I think you question can be answered succinctly from this point:

Does a battery always produce equal amount of negative and positive charges or it may produce additional charges ?

A battery never produces additional charge. Very few things can do this (like a Van de Graaff generator), and even those can only do so locally. A battery pumps charge, and that leaves no room for adding to the total charge count (c).

I thought it strange that the problem is starting out saying that the capacitor has on net extra charge, but you have analyzed the situation correctly. Since we're treating it as an infinite parallel plate capacitor, before the battery is connected the charge is concentrated on the outside face of both plates.

When the battery is connected, and the capacitor has fully charged (if you neglect internal resistance this last specifier isn't needed), then you will have additional positive charge on one plate and additional negative charge on the other. Following the eqi-potential principle, these opposite charges will gather on the inner faces of the two plates (a).

Now a deeper question: will connecting the battery affect the charge density on the outer faces of the plates?

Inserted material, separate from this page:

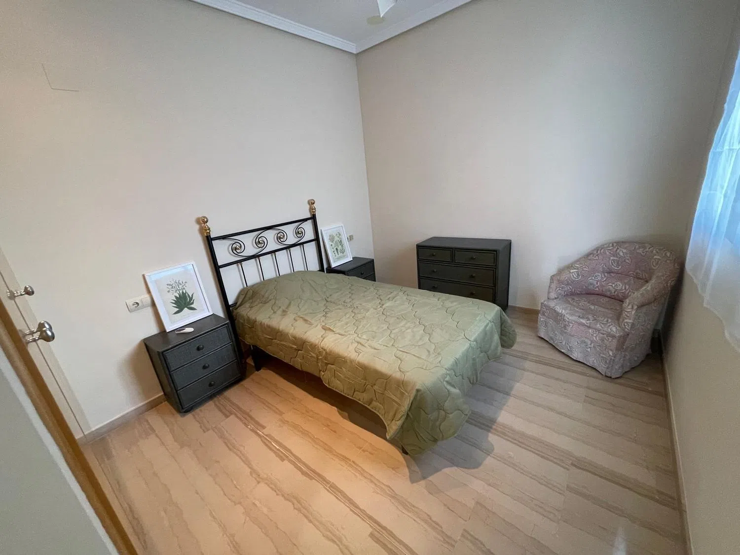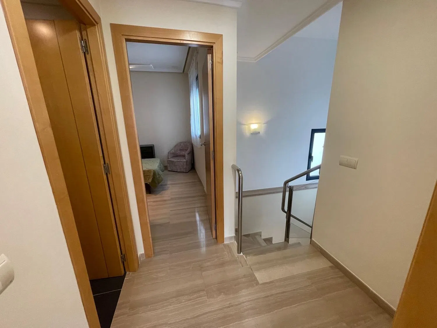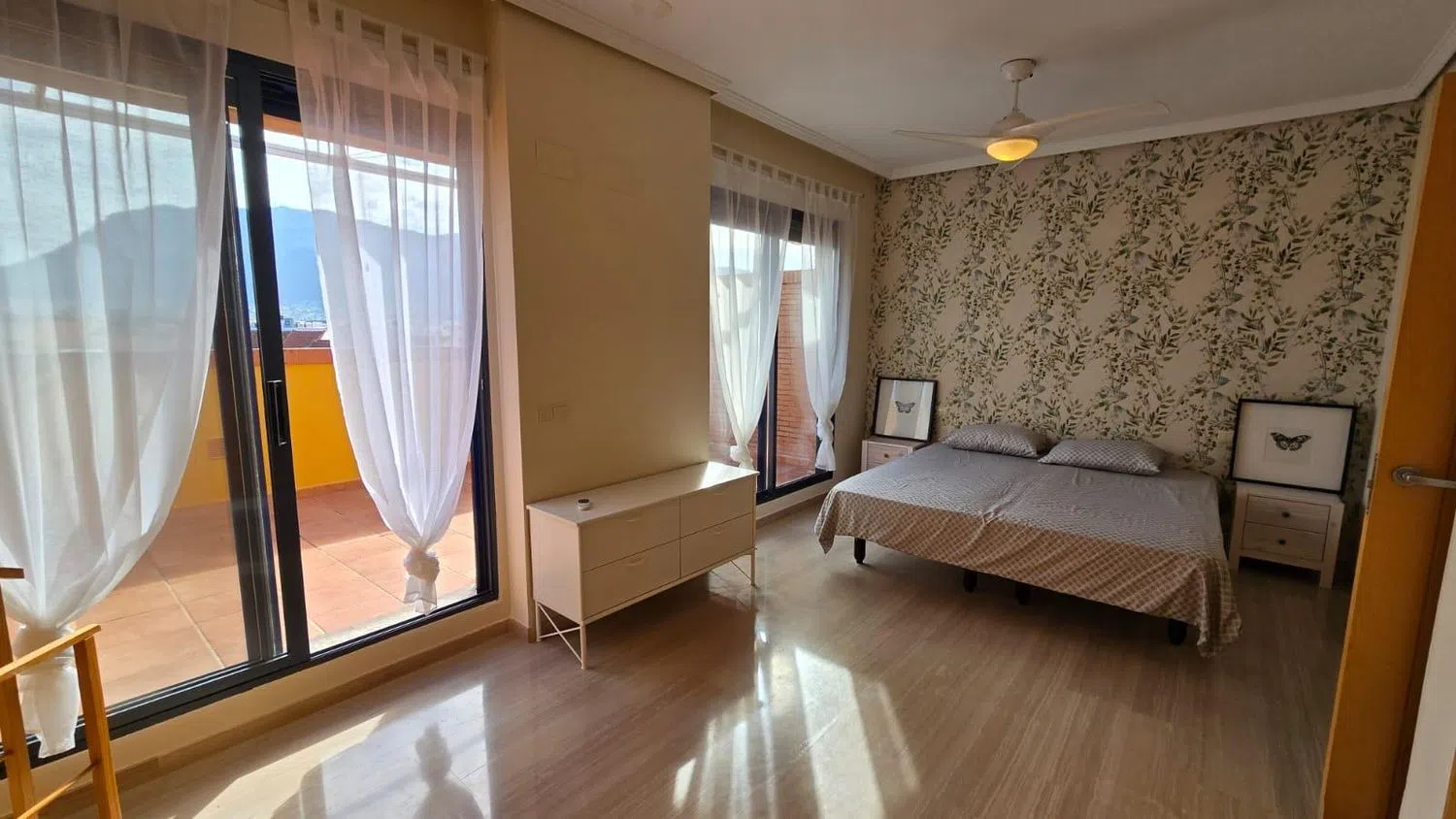 En la planta superior se hallan un dormitorio individual, uno doble con vestidor privado y acceso a otra terraza, además de un baño en suite que garantiza máxima comodidad. La propiedad está equipada con aire acondicionado, ventiladores de techo, un elegante suelo de mármol y una puerta de seguridad. Incluye también una plaza de garaje doble. La urbanización es de cuidado impecable, con amplias zonas verdes y una zona de piscina de generosas dimensiones, perfecta para disfrutar en días soleados. Su ubicación es privilegiada, a pocos pasos de todos los servicios requeridos y a corta distancia de la playa.

I will argue "no". The important unwavering assumption is a constant electric potential throughout the interior of a plate. Introducing the battery introduces a field in-between the inner surfaces, which results in potential difference equal to the voltage of the battery. You have 4 points (which are infinite planes) along the number line (since this is 1D symmetry) where charge is located, and the field is $E=\sigma/(2 \epsilon_0)$ pointing away from the plane - that is, proportional to the charge density and constant. That means that the field on the outside of the plates won't change when connecting the battery, since the total charge quantity stays the same, the field doesn't diminish with distance from the charges, and you only moved charges around. The field within a plate is zero and the outside charge density remains the same, thus, in order to transition from a zero field to the unchanged outside field strength, you require the same charge density on the outside face (d). The potential on the surface is different, but the charge is the same - a very important nuance of electronics.

Thus, options "a", "c", and "d" are both correct.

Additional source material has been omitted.